Sunshine Mackenzie, who begins her life of lies with changing her name to Sunshine Mackenzie, is a man-made celebrity foodie blogger. Her success is constructed by her producer and others around her and begins with a fabricated story, a story which leads to more and more untruths and pulls her away from the honesty she’d always lived and valued. Only three people in the world know about many of the falsehoods her brand is built on so when she is hacked, a bit of a mystery begins. Who is hacking into her Twitter account? Whoever it is knows the truth and tweets out facts that shatter her life. No matter how her team scrambles to do damage control, the hacker is one step ahead with another truth to reveal until Sunshine loses her career, her husband and her home.
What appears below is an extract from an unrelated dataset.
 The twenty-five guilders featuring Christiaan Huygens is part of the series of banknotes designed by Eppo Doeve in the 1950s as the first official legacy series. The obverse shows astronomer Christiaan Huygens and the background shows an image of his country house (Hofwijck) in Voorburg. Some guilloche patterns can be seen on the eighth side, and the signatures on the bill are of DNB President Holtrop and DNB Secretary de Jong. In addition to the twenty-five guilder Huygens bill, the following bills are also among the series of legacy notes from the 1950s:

The pull between authenticity and image, true and false, is compelling and well done. HELLO, SUNSHINE examines a culture that values celebrity over reality, image over substance, and posting over living. We live at a time where reality TV is entirely unreal and society recognizes and accepts that. Have we become fine with falsehoods? Comfortable with institutionalized dishonesty? How often are people posting a picture of a memory they haven’t even truly lived or enjoyed?
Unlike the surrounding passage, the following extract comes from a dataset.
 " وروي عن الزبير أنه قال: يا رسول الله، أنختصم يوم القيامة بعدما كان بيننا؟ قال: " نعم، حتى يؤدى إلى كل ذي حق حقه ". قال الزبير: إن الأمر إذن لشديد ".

The very theme and hook of this story opens and encourages the reader to self-appraisal. It’s a timely and relevant commentary on modern day life guided by social media and online status.

In comparing life as it was pre-Twitter-Facebook-Instagram, Dave expertly spotlights the stark differences that surface. If you don’t play the social media game, can you be a star? If you don’t participate, others will create your image for you in their posts. Can you be a success today without actively managing your brand, your image, your story online for all to see? Is lying the only way to keep a private life? With the consideration of the blurred lines between public and private, Dave introduces the idea that society may be missing out on the gift of people’s best works – creative or otherwise – because of the impingement of having our lives on display, especially public figures of any kind.

I relish a story that makes me think and question and nod along. HELLO, SUNSHINE propels us to dig in, challenge, and ask questions even as the author dissects and evaluates many for us.

Dave’s flawed characters are well-developed and multi-dimensional. They’re gritty and real. They help Sunshine learn as she struggles to rediscover and return to her own authentic self. Her sister, her niece, Chef Z and fisherman-friend, Ethan, all serve to hold a mirror to Sunshine and her priorities. In Sunshine, we meet an initially unlikeable woman who we like anyway and root for throughout the story. As a writer, I loved the the messy lives of the characters. Their realism and our ability to relate to them underscore the story’s message which gives the reader a satisfying ending without having everything tied up pretty and neat with an artificial bow.

Add HELLO, SUNSHINE to your reading list this summer for a compelling, quick read that will make you chuckle and ponder and pass the book along.